Brief: The answer must consist solely of the lines below starting at the one containing "Автомат по продаже" and ending at the one containing "Foreign exchange moves", repeated exactly, with both ends included and all pictures omitted.
** The input follows **
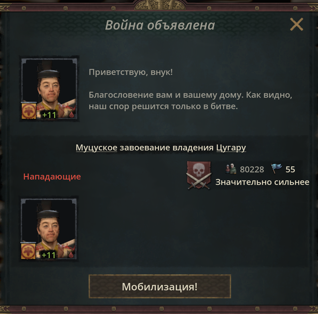 >>50418130 А ты в каком году играешь? Просто я самый ранний взял. У них там не сёгунат, а рицуё. Они друг с другом воюют какими-то недоармиями по 20 человек. На меня ни разу не выебывались.
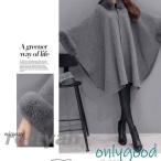 フォックスファー付 ポンチョ コート ケープコート コート レディース マント 秋冬 ケープ マント アウター ロング 冬 フェイクファー 体型カバー
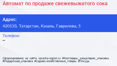 Автомат по продаже свежевыжатого сока по адресу 420133, Татарстан, Казань, Гаврилова, 5 в дальнейшем Организация, размещена в следующих категориях:
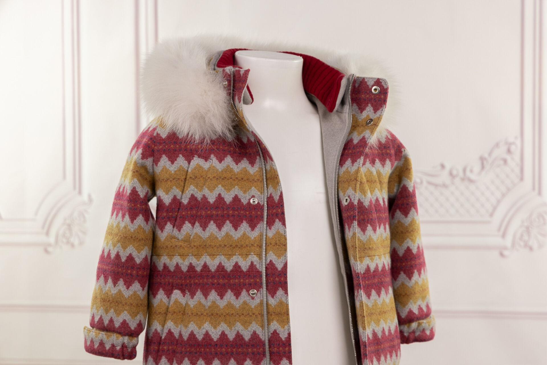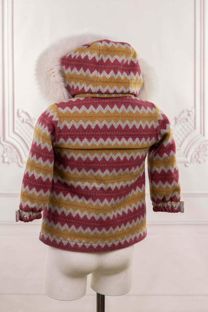 LORO PIANA - Manteau enfant en cachemire gris à frises framboise ou jaune, capuche amovible gansée de fourrure, fermeture à glissère sous patte, pression, quatre poches. Taille 2 ans Jamais porté
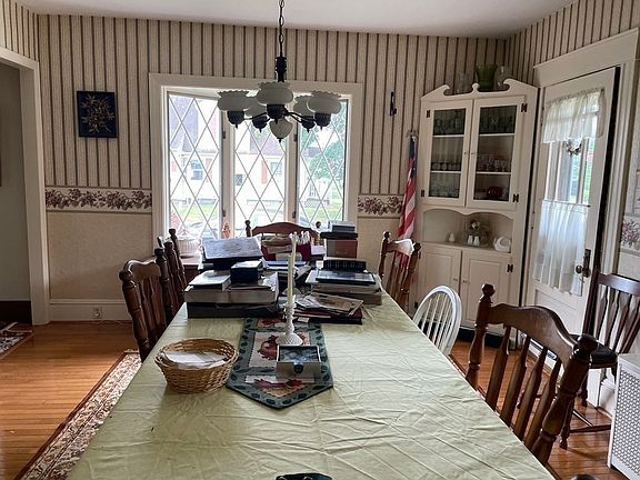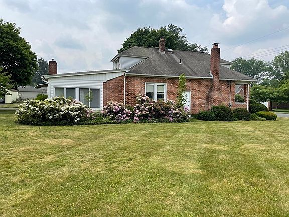 Brick home on nearly a half acre corner lot, on a dead end street Side entrance offers a Mud rm with closet that leads to Eat in Kitchen. There are plenty of cabinets. Formal dining room with built in storage, china cabinet, wood flooring. Living rm has wood burning fireplace. First fl bedroom has 2 closets and a tandem rm that could be an Office. Lots of storage in this home. Spacious family rm w Gas fireplace and built in shelving. The 3 season sunroom offers extra living area and leads to expansive yard. Two bedrooms on 2nd level. One bedroom closet is in hallway. Beautiful flat yard features perennials and garden areas. Single car garage, with door opener. Very large storage shed. . Enjoyable covered front porch. Some decorating will make this home shine. Exterior exit from basement leads to side yard. Property to be "Sold AS IS"
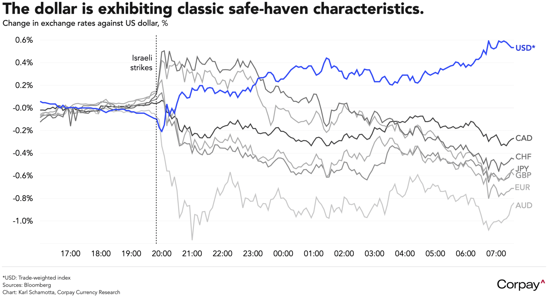 Foreign exchange moves have been relatively modest in scale. Over the last decade, dozens of potentially dangerous tit-for-tat cycles in the Middle East have been de-escalated within days, conditioning currency traders to avoid taking big directional positions in response to alarming headlines out of the region. We suspect something similar will play out this time: Tehran remains deeply reliant on oil exports for foreign exchange, and aware of the damage that could be inflicted by the US, which maintains overwhelming military superiority in the region. US Secretary of State Marco Rubio last night said, “Israel took unilateral action against Iran. We are not involved in strikes against Iran,” before warning “Let me be clear: Iran should not target US interests or personnel”. But risks also can’t be ignored, with the extent of Israel’s assault raising the likelihood of a wider escalation.
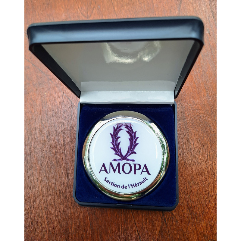 En option, à l’unité selon votre demande ponctuelle, possibilité de graver une plaquette   personnalisée qui sera apposée sur l’écrin (+ 18€ ttc) ou une gravure au revers de la médaille (+25€ ttc). Nous consulter pour un devis.
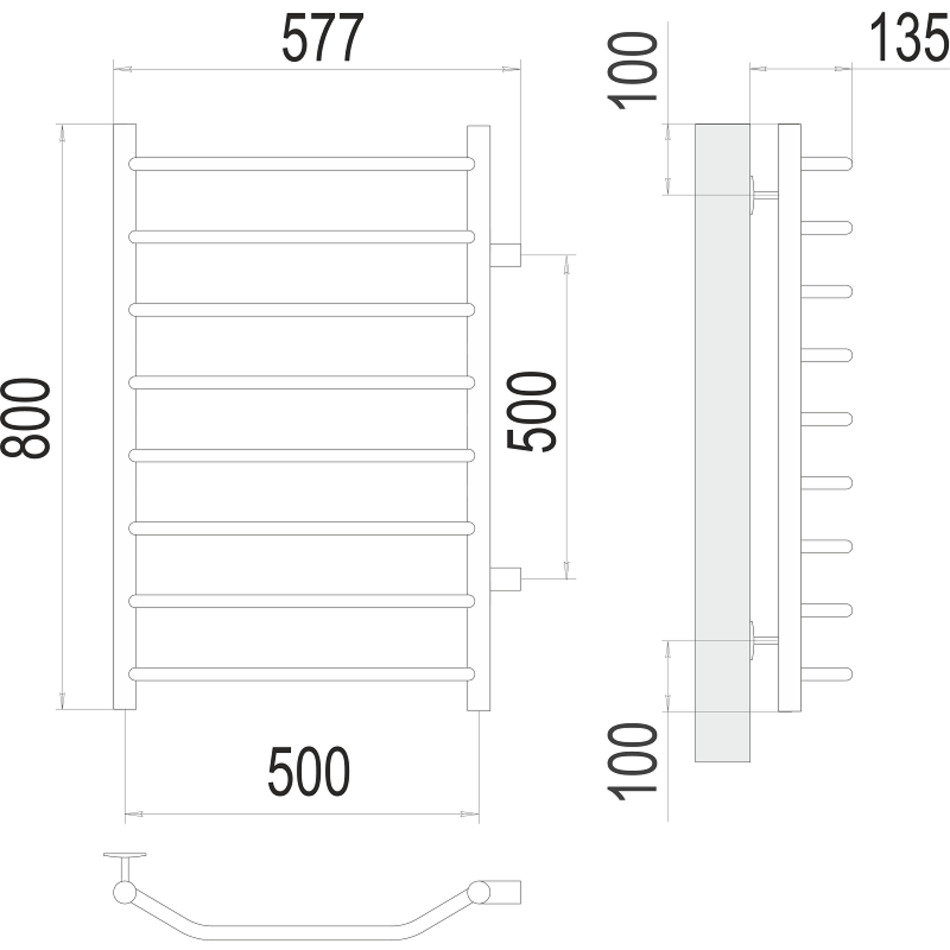 Полотенцесушитель водяной Виктория 4670078530110, П8 500х800, ширина 50 см, высота 80 см, боковое подключение 50 см, хром
** End of The input **
Expected answer:
 Автомат по продаже свежевыжатого сока по адресу 420133, Татарстан, Казань, Гаврилова, 5 в дальнейшем Организация, размещена в следующих категориях:
 LORO PIANA - Manteau enfant en cachemire gris à frises framboise ou jaune, capuche amovible gansée de fourrure, fermeture à glissère sous patte, pression, quatre poches. Taille 2 ans Jamais porté
 Brick home on nearly a half acre corner lot, on a dead end street Side entrance offers a Mud rm with closet that leads to Eat in Kitchen. There are plenty of cabinets. Formal dining room with built in storage, china cabinet, wood flooring. Living rm has wood burning fireplace. First fl bedroom has 2 closets and a tandem rm that could be an Office. Lots of storage in this home. Spacious family rm w Gas fireplace and built in shelving. The 3 season sunroom offers extra living area and leads to expansive yard. Two bedrooms on 2nd level. One bedroom closet is in hallway. Beautiful flat yard features perennials and garden areas. Single car garage, with door opener. Very large storage shed. . Enjoyable covered front porch. Some decorating will make this home shine. Exterior exit from basement leads to side yard. Property to be "Sold AS IS"
 Foreign exchange moves have been relatively modest in scale. Over the last decade, dozens of potentially dangerous tit-for-tat cycles in the Middle East have been de-escalated within days, conditioning currency traders to avoid taking big directional positions in response to alarming headlines out of the region. We suspect something similar will play out this time: Tehran remains deeply reliant on oil exports for foreign exchange, and aware of the damage that could be inflicted by the US, which maintains overwhelming military superiority in the region. US Secretary of State Marco Rubio last night said, “Israel took unilateral action against Iran. We are not involved in strikes against Iran,” before warning “Let me be clear: Iran should not target US interests or personnel”. But risks also can’t be ignored, with the extent of Israel’s assault raising the likelihood of a wider escalation.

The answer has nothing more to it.